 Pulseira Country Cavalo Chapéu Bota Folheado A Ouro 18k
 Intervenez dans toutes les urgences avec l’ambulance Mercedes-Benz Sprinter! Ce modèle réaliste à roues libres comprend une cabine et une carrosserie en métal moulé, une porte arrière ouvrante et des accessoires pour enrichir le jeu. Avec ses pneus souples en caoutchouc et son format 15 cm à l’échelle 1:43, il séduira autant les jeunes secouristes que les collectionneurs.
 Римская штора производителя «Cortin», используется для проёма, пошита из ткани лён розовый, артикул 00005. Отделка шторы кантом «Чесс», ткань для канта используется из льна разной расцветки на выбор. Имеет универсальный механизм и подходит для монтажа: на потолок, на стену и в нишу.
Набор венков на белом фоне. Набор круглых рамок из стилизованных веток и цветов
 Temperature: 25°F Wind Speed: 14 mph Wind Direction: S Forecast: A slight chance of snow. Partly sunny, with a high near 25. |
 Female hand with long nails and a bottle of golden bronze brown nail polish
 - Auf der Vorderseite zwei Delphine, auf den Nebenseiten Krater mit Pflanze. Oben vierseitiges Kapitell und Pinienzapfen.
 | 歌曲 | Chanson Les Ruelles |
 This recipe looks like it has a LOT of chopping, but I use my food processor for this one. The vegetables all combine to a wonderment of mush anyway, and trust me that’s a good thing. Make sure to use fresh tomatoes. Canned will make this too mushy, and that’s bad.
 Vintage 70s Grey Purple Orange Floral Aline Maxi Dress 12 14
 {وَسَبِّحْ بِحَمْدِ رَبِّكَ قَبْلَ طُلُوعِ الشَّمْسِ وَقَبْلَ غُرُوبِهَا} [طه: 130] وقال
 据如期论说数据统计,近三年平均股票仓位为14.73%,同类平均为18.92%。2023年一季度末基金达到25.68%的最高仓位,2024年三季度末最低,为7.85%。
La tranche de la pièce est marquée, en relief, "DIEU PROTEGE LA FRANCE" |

**About this exercise**
Starting at the line above that contains "Female hand with", repeat each line exactly up to and including the line that contains "[طه: 130] وقال", and stop there.

**Answer to this problem**
 Female hand with long nails and a bottle of golden bronze brown nail polish
 - Auf der Vorderseite zwei Delphine, auf den Nebenseiten Krater mit Pflanze. Oben vierseitiges Kapitell und Pinienzapfen.
 | 歌曲 | Chanson Les Ruelles |
 This recipe looks like it has a LOT of chopping, but I use my food processor for this one. The vegetables all combine to a wonderment of mush anyway, and trust me that’s a good thing. Make sure to use fresh tomatoes. Canned will make this too mushy, and that’s bad.
 Vintage 70s Grey Purple Orange Floral Aline Maxi Dress 12 14
 {وَسَبِّحْ بِحَمْدِ رَبِّكَ قَبْلَ طُلُوعِ الشَّمْسِ وَقَبْلَ غُرُوبِهَا} [طه: 130] وقال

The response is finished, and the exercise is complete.